Enrollment and screening for cancer clinical trials have largely come to a standstill amid the SARS-CoV-2 outbreak, but oncologists and others are mapping a way forward and remote monitoring and visits are emerging as a common thread to resume therapeutic research while maintaining patient safety.
When the COVID-19 outbreak started in the US, medical centers across the country took swift action to reduce nonessential visits to hospitals, research facilities and clinics, resulting in the suspension of visits for clinical trials.
According to the American Association for Cancer Research (AACR), a recent study showed that cancer patients could be more susceptible to severe outcomes due to COVID-19, the illness caused by SARS-CoV-2. Results published on April 23 showed that 105 cancer patients infected with SARS-CoV-2 had higher rates of death, ICU admission and at least one severe critical symptom when compared with age-matched patients also infected with the virus.
While avoiding exposure to the virus is important, oncologists have voiced concern about possible negative consequences of the outbreak for some cancer patients for whom participation in a clinical trial may be the only opportunity for treatment.
According to a survey by the American Society of Clinical Oncology (ASCO), nearly 60% of research programs have reported halting screening or enrollment into cancer clinical trials. However, oncologists and trial sponsors are turning to digital methods to help connect patients to studies.
Two-thirds of the 32 institutions that responded said they were using remote visits to replace clinical trial visits, but they also had challenges in organizing, implementing and conducting telehealth. In cases where sites were permitting visits, patients were unable or unwilling to come to the site and that there was limited availability of “radiology, surgery, cardiology and other ancillary services that are essential for some clinical trials,” according to ASCO.
As a result, ASCO has started a Road to Recovery initiative to chart a course for “returning to a new ‘normal.’” The project will include two multistakeholder groups—one focused on research and the other on care delivery—to evaluate how practice changes in these areas due to COVID-19 could inform new approaches to cancer care and research. The groups will produce recommendations by September.
“The pandemic has led to several far-reaching federal, state, institutional and practice-level changes in process and policy,” the group wrote. “It is important to understand their impact and to identify whether and how modifications made to care delivery and research during an emergency could be adopted as new standard practices to support safer, more effective, and higher quality care and research in the future.”
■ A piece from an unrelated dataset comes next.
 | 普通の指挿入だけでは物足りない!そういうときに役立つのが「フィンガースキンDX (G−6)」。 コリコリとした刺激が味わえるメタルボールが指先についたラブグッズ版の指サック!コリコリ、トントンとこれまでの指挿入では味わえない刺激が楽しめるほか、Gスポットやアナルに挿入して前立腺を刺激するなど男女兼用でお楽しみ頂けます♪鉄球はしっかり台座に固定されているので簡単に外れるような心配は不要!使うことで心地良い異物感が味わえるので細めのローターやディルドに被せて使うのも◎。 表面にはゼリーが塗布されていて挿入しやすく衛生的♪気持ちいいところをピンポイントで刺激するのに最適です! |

The Clinical Trials Transformation Initiative (CTTI), a public-private partnership, has also started to put together best practices for clinical trials regardless of disease focus and is incorporating the new FDA guidance that has been issued related to the conduct of trials during COVID-19.
The group published an initial list of seven best practices on April 14 and said it will update the document regularly based on findings from its surveys and webinars. Switching to remote patient monitoring and pivoting to remote study visits are among the initial best practices highlighted by CTTI.
HRI impact analysis
Cancer studies make up a large proportion of clinical trials, and a move to virtual trials for this cohort of patients could be the start of a bigger shift as trial sponsors and researchers attempt to balance keeping patients safe from infection and giving them access to potentially beneficial new therapies.
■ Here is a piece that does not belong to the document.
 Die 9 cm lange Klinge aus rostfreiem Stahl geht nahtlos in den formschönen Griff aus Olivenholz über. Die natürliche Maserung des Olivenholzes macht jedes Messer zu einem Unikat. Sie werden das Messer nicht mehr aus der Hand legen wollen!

As of Tuesday, cancer clinical trials account for 22% of the trials listed at ClinicalTrials.gov. An HRI analysis found that over half of the trials are in Phase I (16,474) or Phase II (26,977). However, only 104 of the 74,214 total cancer trials had been suspended between March 1 and 31.
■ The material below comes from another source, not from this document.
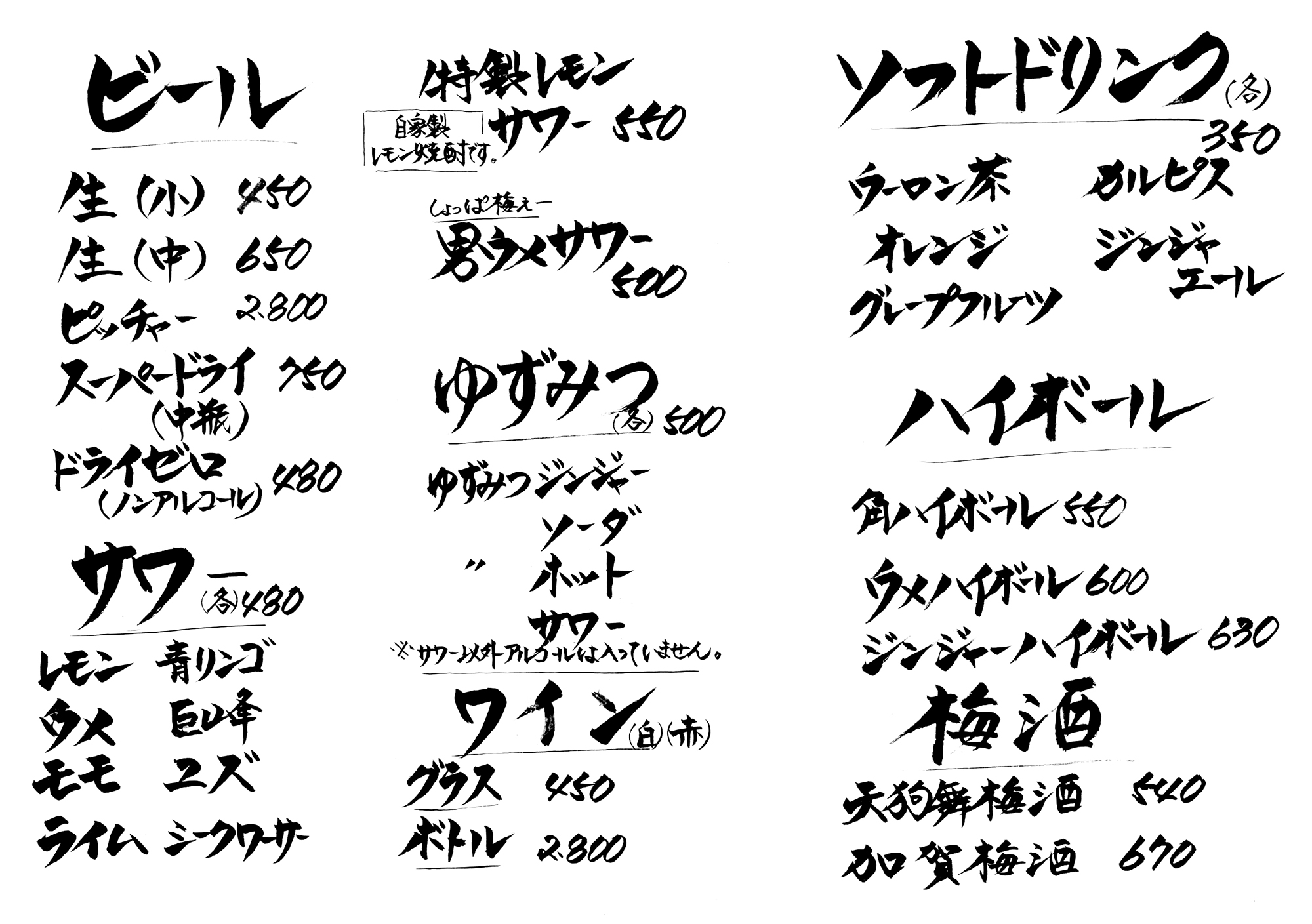 その他、ビール・サワー・ワイン・カクテル・梅酒・ソフトドリンクなど、豊富にご用意しております。

As physician groups like ASCO begin to transition to virtual visits with clinical trials during the pandemic, HRI’s consumer survey found that consumers have started to access telehealth in greater numbers as well to manage chronic conditions and other health concerns.
PwC’s partners have highlighted that companies and institutions that embrace this transition to remote visits could emerge stronger and better prepared for the changing healthcare ecosystem. On the commercial side, companies are starting to shift to remote territory management, while on the R&D side some pharmaceutical and life sciences companies are starting to accelerate trial virtualization.